И тут я зажмурился от ослепительной ясности нахлынувшего на меня обобщения. Женщина, бананы, внучок, витамины — все частное отступило. Мироустройство во всей своей полноте предстало предо мной.

«О, да! Мир прекрасен! Но вот устроен он погано. Ведь, что получается: ты смотришь на мир — и ты ошеломлен его дарами. Ты жаждешь пресыщения! Но стоит только лишь потянуться к первому плоду, как тут же коварное устройство явит перед тобой легионы преград и препятствий, помех и препон, загвоздок и закавык. Потыкаешься-потыкаешься, намыкаешься и плюнешь: «Да пропади оно все пропадом!» Ну а если сдюжишь и, как водится, пройдя сквозь огонь, воду и медные трубы, все же урвешь заветный плод, то уж какой там аппетит?! Смотришь на обагренный кровью трофей — и блевать хочется. О каком же счастье можно мечтать при таком раскладе?!»

Знакомое, щемящее чувство безысходности всколыхнулось и стало подниматься с неглубоких недр моей души к жалкому сердцу.

Давно, с шестнадцати лет поселилась во мне эта гадость.
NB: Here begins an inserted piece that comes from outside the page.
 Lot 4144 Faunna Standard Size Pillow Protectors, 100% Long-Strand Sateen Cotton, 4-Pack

Тогда, холодной осенью 1981 года, я, поругавшись с родителями, ушел из дома, чтобы учиться в музыкальном училище на отделении духовых инструментов. Отец доходил до неистовства, доказывая мне, что для занятия музыкой нужен Дар Божий, а у меня нет даже приличного музыкального слуха. Но разве мог я внять его мудрствованиям, когда мое не отягощенное ни опытом, ни приличным образованием воображение рисовало мне те великие моменты душевного экстаза, которые я переживал сам, слушая музыку, и которые жаждал вызывать в моей будущей публике.

Трудился я упорно. Дул со всей мощью, присущей моим легким. Падал в обморок, поднимался и дул. Дул, когда шла носом кровь. Дул, когда все шли пить «Лучистое». Много дул… Но даже не достиг успехов бедняги Сальери — Музыка не поддавалась только лишь мозолям и поту. Музыка требовала большего — прописки Бога. И тогда я рискнул обратиться к Вседержащему непосредственно.
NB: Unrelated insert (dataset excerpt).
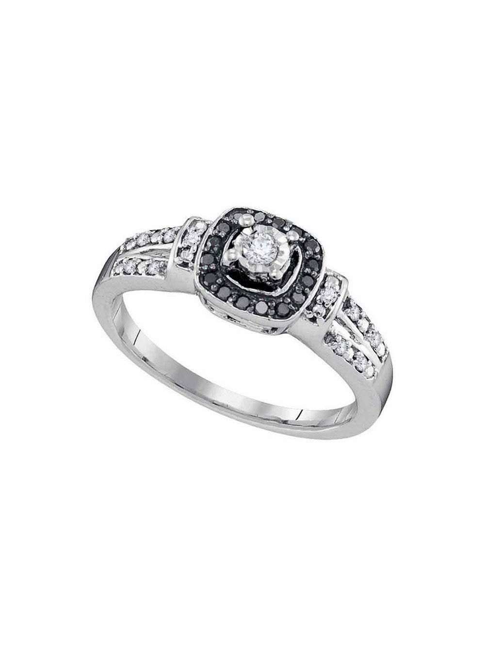 10kt White Gold Womens Round Diamond Solitaire Black Color Enhanced Ring 1/5 Cttw

Как-то в журнале «Вокруг Света» мне попалась статейка, в которой описывался удивительный случай:

Австралийского фермера поразила молния. И фермер не только не умер, а наоборот — переродился! Отныне любое наблюдаемое им внешнее событие, или малейшее движение его души, или даже сам ход мыслей все теперь преломлялось в нем и представало в грандиозных музыкальных образах. Фермер стал их записывать, и мир обрел музыкального гения! Конечно, читал я и о других, совсем не привлекательных последствиях грозного атмосферного явления, но положение мое было безвыходное и мне ничего не оставалось делать, как только поджидать грозу.

И вот наконец средь бела дня горизонт почернел, разбух и стал стремительно надвигаться. Я влил в себя бутылку «Лучистого» и вышел на обрыв самой короткой в мире речки с самым нелепым названием — Мородынка. После неистовых порывов горячего ветра… Началось!

Я стоял на краю, доступный и уязвимый. Но юркие молнии шныряли по черному небосклону, совершенно не обращая внимания на мою преклоненную голову. Громовые раскаты сотрясали подо мной почву. Колючий дождь хлестал по щекам. Я рухнул на колени и, обливаясь слезами, просил Всевышнего о снисхождении, требовал справедливости, угрожал, что если он не смилуется и не озарит меня, я брошусь с обрыва в самую вонючую в мире Мородынку вниз головой и пойду ко дну без всякого покаяния…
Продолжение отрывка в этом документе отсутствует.